*YOUR GOAL*: If the records below hold pictures, omit them, and print exactly the lines from the first line through the line containing "These collectible items", inclusive.

===== DATA IN THIS EXERCISE =====

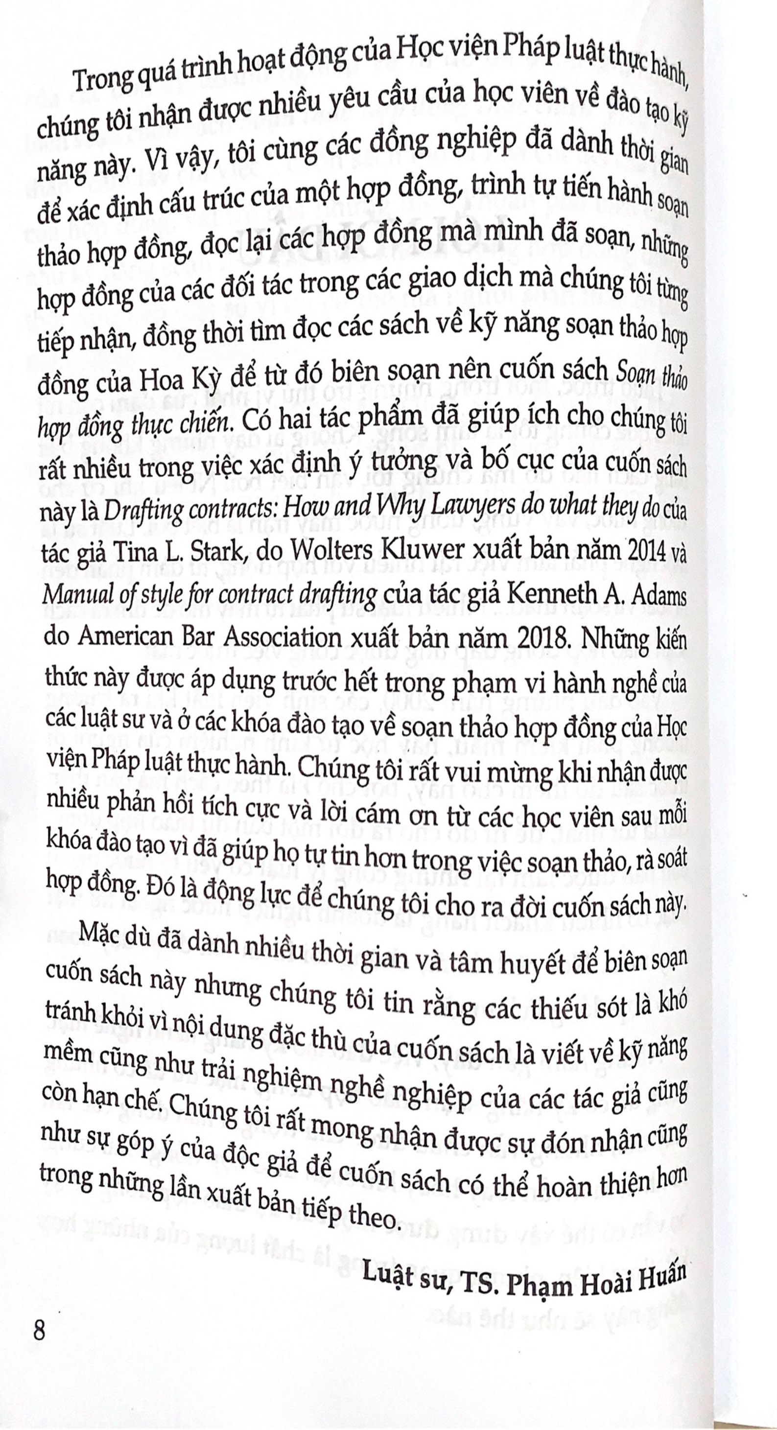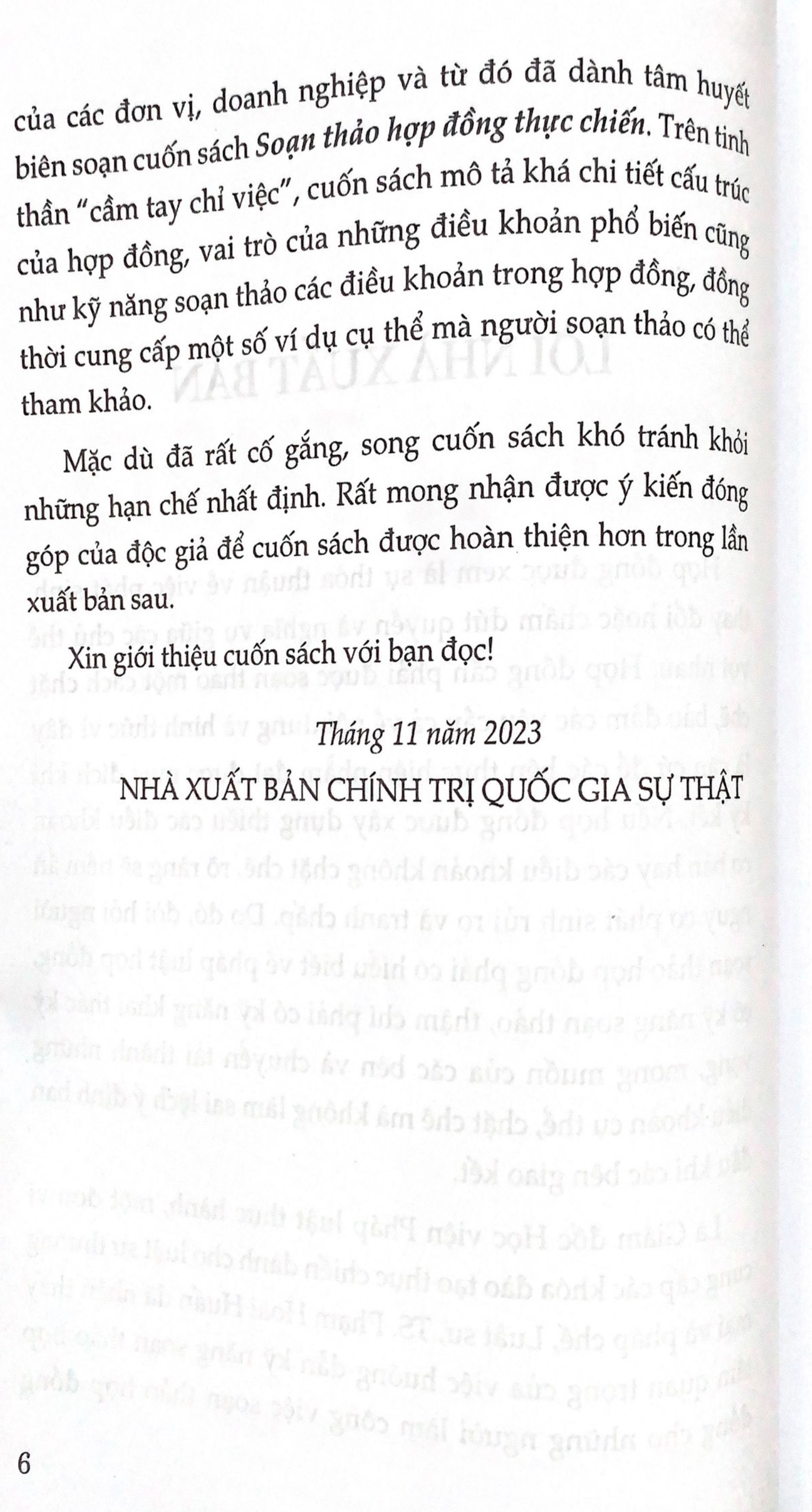 - Soạn thảo hợp đồng thực chiến Tác giả: LS.TS Phạm Hoài Huấn và ThS. Thân Thị Kim Nga Nhà xuất bản: Chính Trị Quốc Gia Sự Thật Khổ sách: 14.5x20.5cm Năm xuất bản: 12/2023 Công ty phát hành: NXB Chính Trị Quốc Gia Sự Thật Giá bìa: 115.000 đ Số trang: 292 trang Hình thức bìa: Bìa mềm
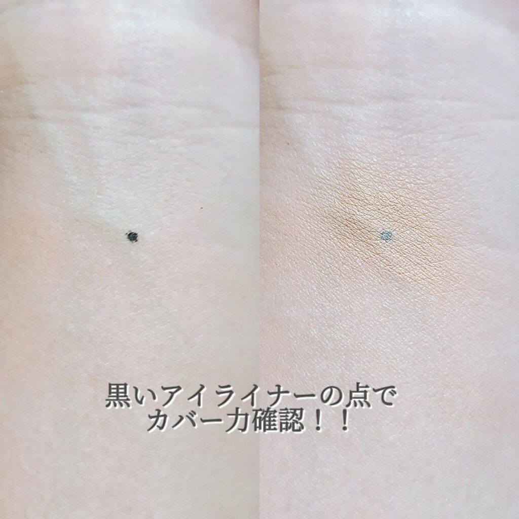 クッションを押すとジワ~っとファンデーションがつきます。 肌につけた感じはしっかりしたカバー力でつや感のある仕上がりです。 少し塗りムラを感じますがムラがでるところを手で馴染ませれば全然大丈夫💮 毛穴もしっかりカバーできています。 そして、密着力が高くマスクにもつきにくい! このつや感のある仕上がりが私はめっちゃ大好きです💖
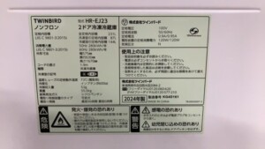 今回は島根県浜田市にお住まいの30代女性よりTWINBIRD(ツインバード)の2ドア冷凍冷蔵庫 HR-EJ23(2024年製)を出張買取にてご依頼いただきました。
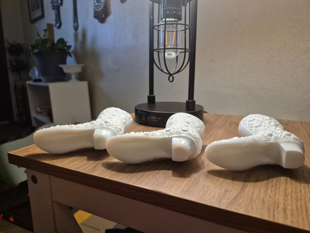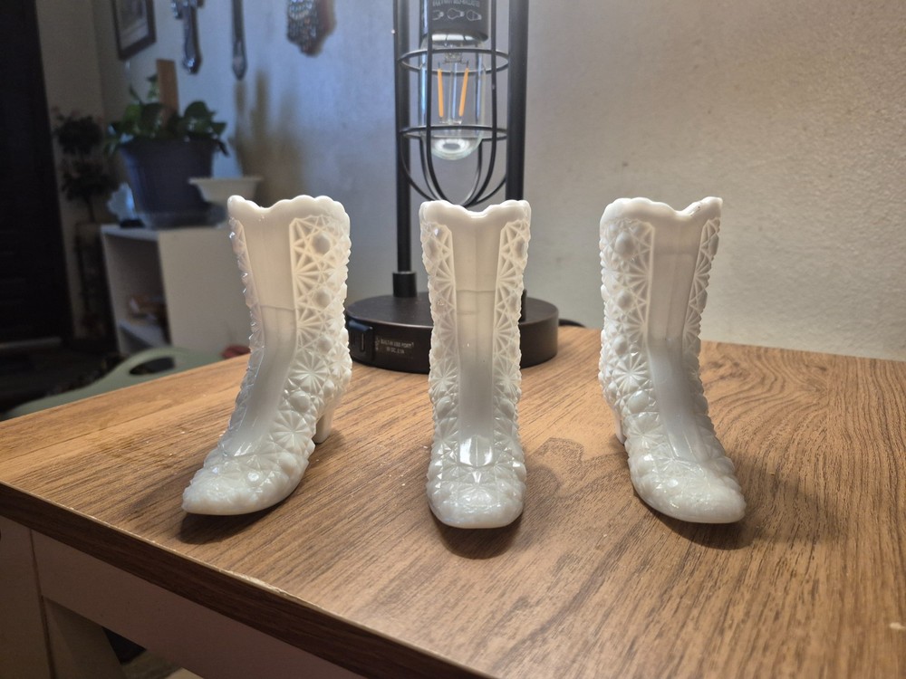 These collectible items are vintage Fenton milk glass boots featuring the Daisy and Button pattern. There are 3 .... Will sell separately or all together. Manufacturer: Fenton Art Glass Company. Material: White milk glass. Pattern: Daisy and Button. Usage: Commonly used as small floral vases, toothpick holders, or decorative figurines
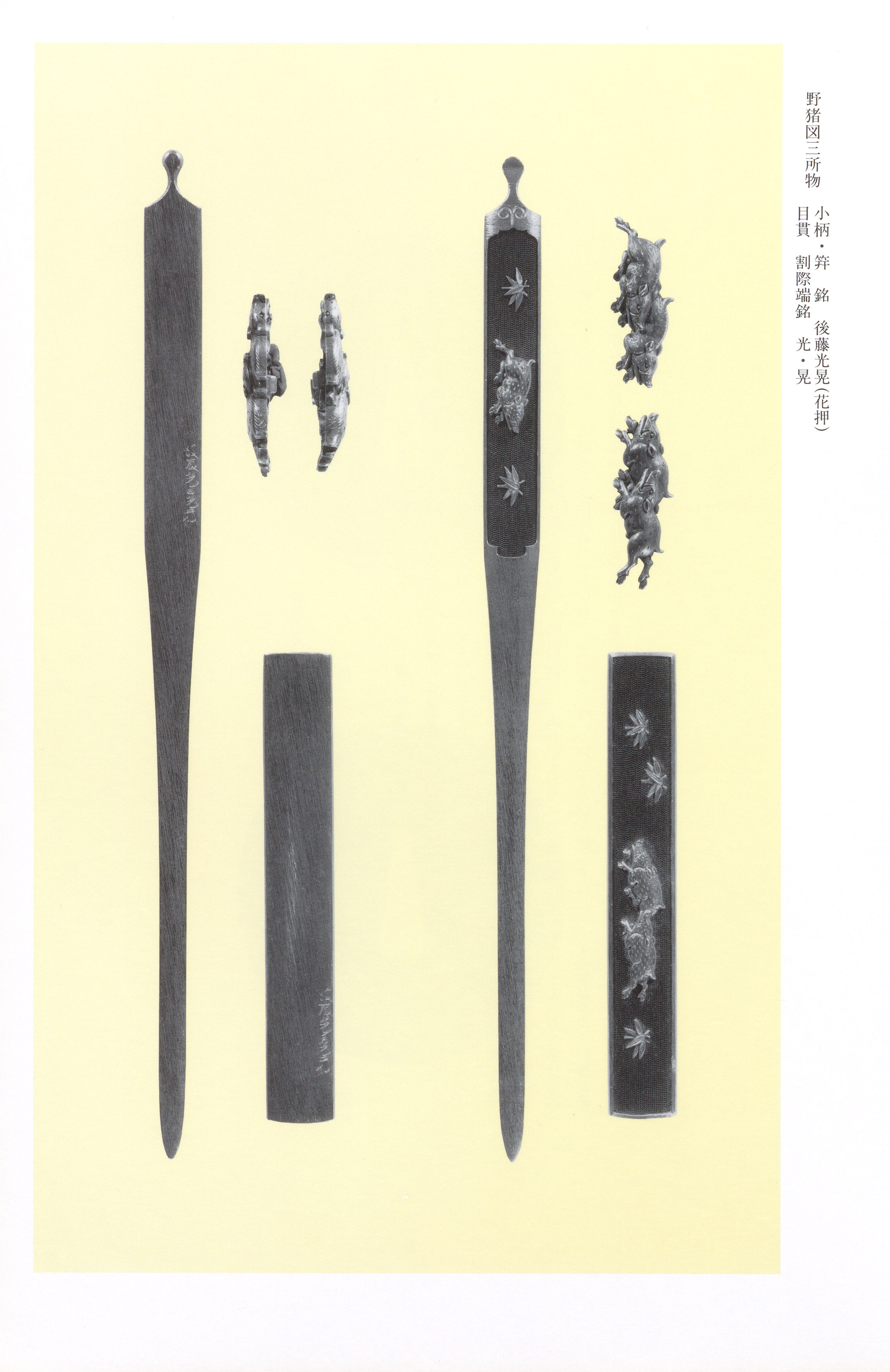 Mitsuaki's oeuvre is distinguished by an unwavering commitment to the Gotō house carving idiom (iebori): and finely controlled on grounds, with ' gilded backs — the canonical techniques of the mainline tradition executed to an exceptional degree of finish. His chisel work is characterized by "high mountains and deep valleys," imparting vigorous movement and energetic momentum to figural subjects, while his compositional sense favors ample open space rendered with "straightforward sincerity." The repeatedly note his "rich, dense manner" and the "delicacy and richness" extending even to facial expressions. Chromatic planning is a hallmark: beyond painstaking gold and silver , he employs with deliberate effect to introduce what the terms a "rustic, natural flavor" (yashū). His and are constructed by the jiita inlay-fitting method with characteristically long warabite feet, and the reverse of his is finished with thick gold backing (atsugane-dashi). Several observe the influence of (town-carver) aesthetics and the "brilliant, decorative manner favored from the late period into the Bakumatsu era," suggesting what the calls "a new style of official Gotō carving" emerging after the family's long establishment in .
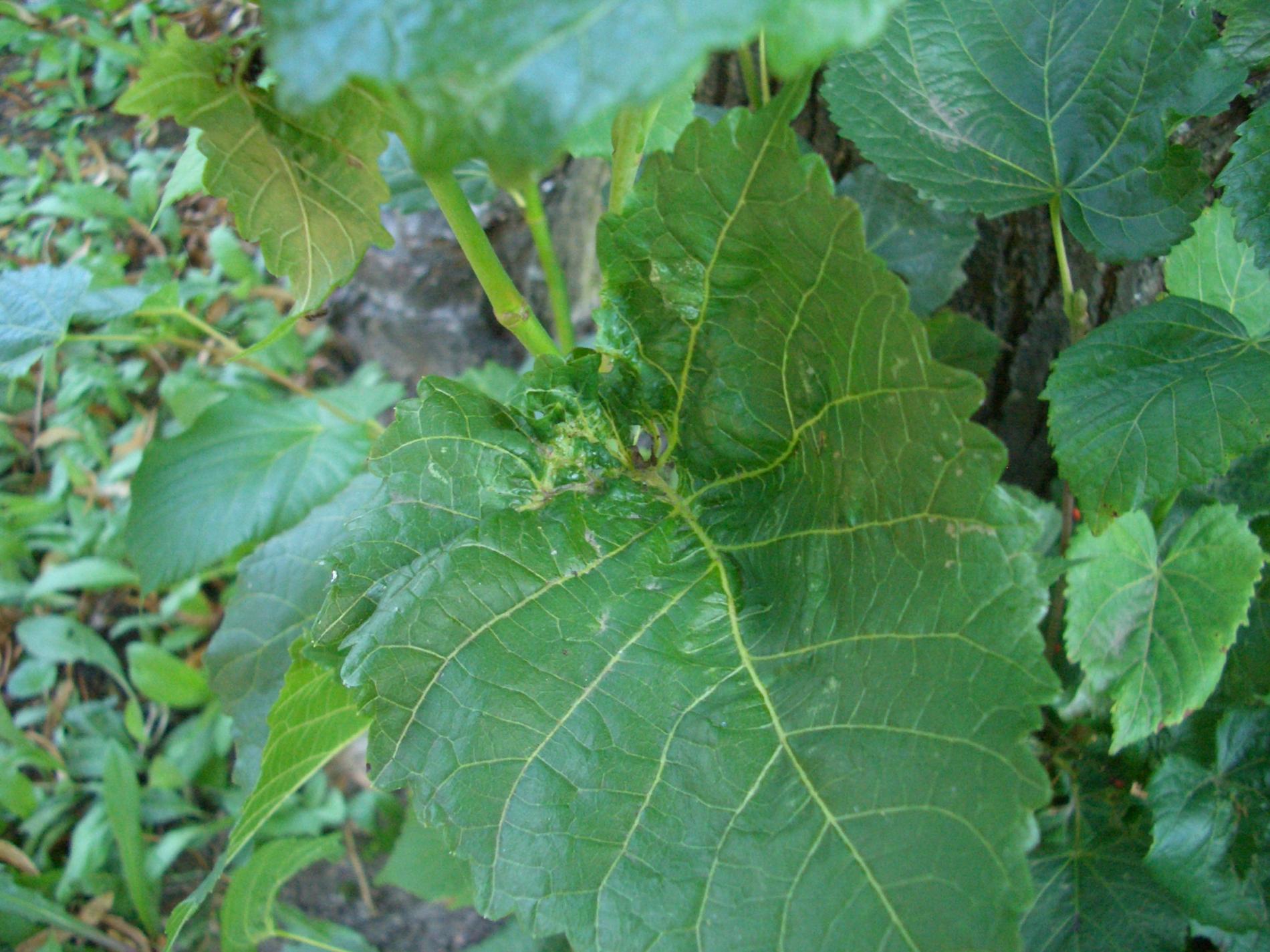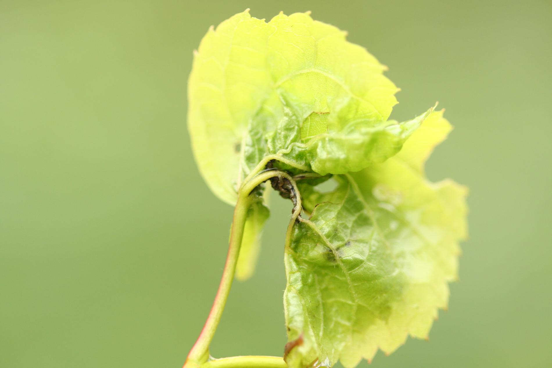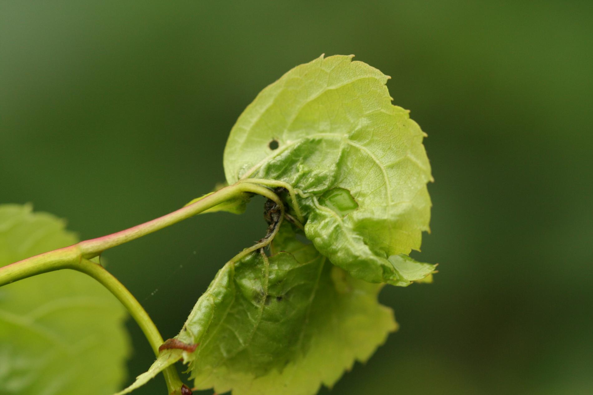 On affected linden trees, young terminal leaves are rolled and distorted with thickened veins. Inside the galls are orange-red larvae, and the galls give leaves a deformed appearance.
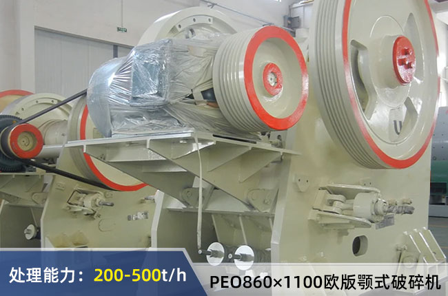 PEO860×1100歐版顎式破碎機進料口尺寸860×1100mm,進料粒度在720mm以下,配置電機功率為132-160kw,時產(chǎn)量在200-500噸,出料范圍100-225mm,重量32噸左右。
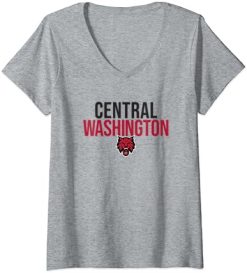 Womens Central Washington University Wildcats Stacked V-Neck T-Shirt
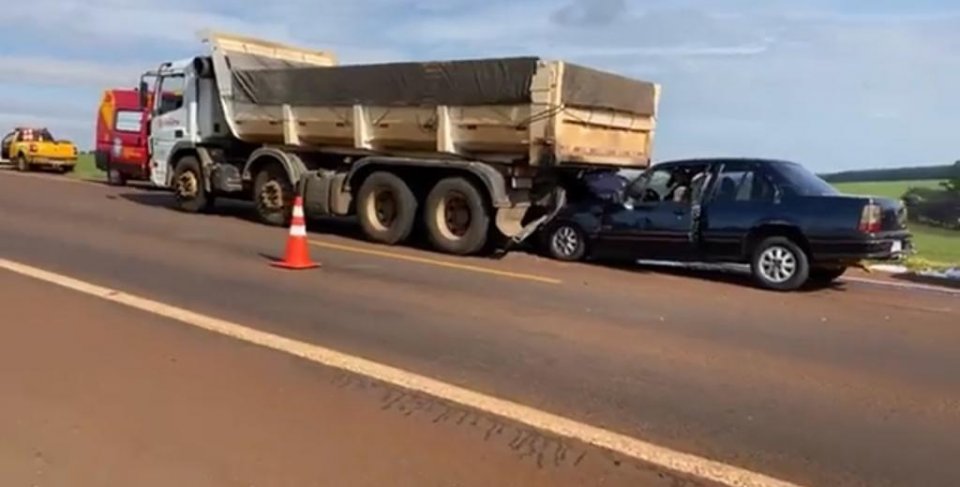 Informações são de que um caminhão que transportava brita para manutenção da pista parou em barreira realizada na rodovia, sentido à Corbélia, quando o automóvel Monza não conseguiu frear a tempo de evitar a batida traseira.
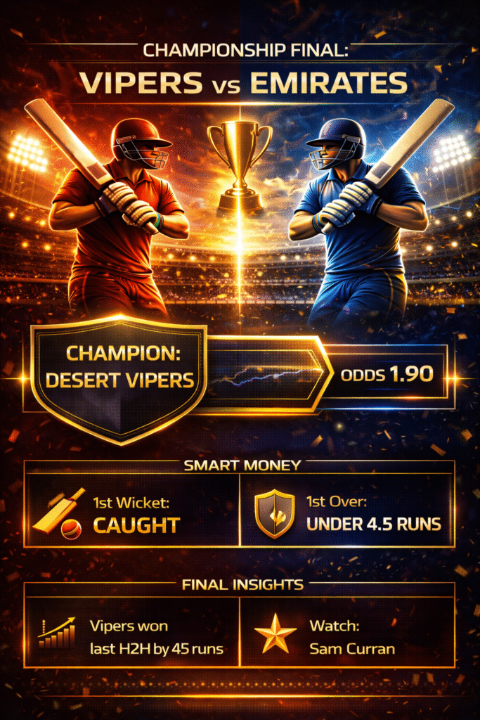 Both teams deserve their spot in the final, having been the top two sides all season. However, momentum is key. The Desert Vipers not only topped the table but also psychologically scarred MI Emirates with a convincing 45-run win in the first qualifier. With a firing top order and a bowling attack peaking at the right time, the Vipers look poised to lift the trophy.
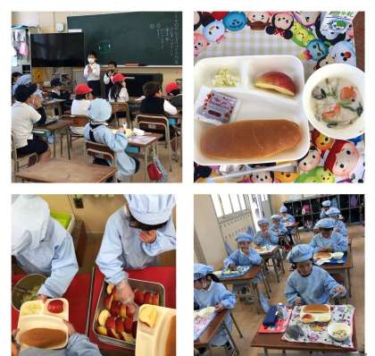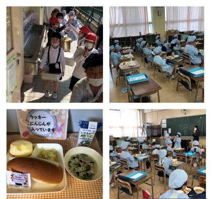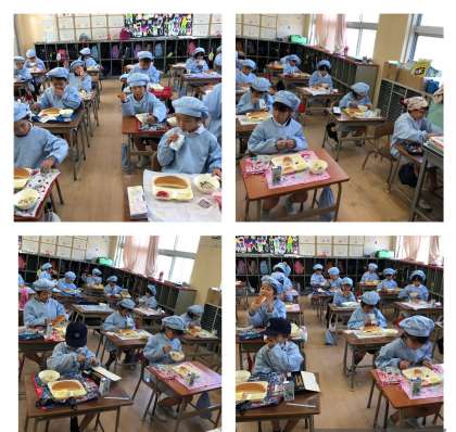 写真は1年生の給食時間です。

=====

*ANSWER SPACE*:
 - Soạn thảo hợp đồng thực chiến Tác giả: LS.TS Phạm Hoài Huấn và ThS. Thân Thị Kim Nga Nhà xuất bản: Chính Trị Quốc Gia Sự Thật Khổ sách: 14.5x20.5cm Năm xuất bản: 12/2023 Công ty phát hành: NXB Chính Trị Quốc Gia Sự Thật Giá bìa: 115.000 đ Số trang: 292 trang Hình thức bìa: Bìa mềm
 クッションを押すとジワ~っとファンデーションがつきます。 肌につけた感じはしっかりしたカバー力でつや感のある仕上がりです。 少し塗りムラを感じますがムラがでるところを手で馴染ませれば全然大丈夫💮 毛穴もしっかりカバーできています。 そして、密着力が高くマスクにもつきにくい! このつや感のある仕上がりが私はめっちゃ大好きです💖
 今回は島根県浜田市にお住まいの30代女性よりTWINBIRD(ツインバード)の2ドア冷凍冷蔵庫 HR-EJ23(2024年製)を出張買取にてご依頼いただきました。
 These collectible items are vintage Fenton milk glass boots featuring the Daisy and Button pattern. There are 3 .... Will sell separately or all together. Manufacturer: Fenton Art Glass Company. Material: White milk glass. Pattern: Daisy and Button. Usage: Commonly used as small floral vases, toothpick holders, or decorative figurines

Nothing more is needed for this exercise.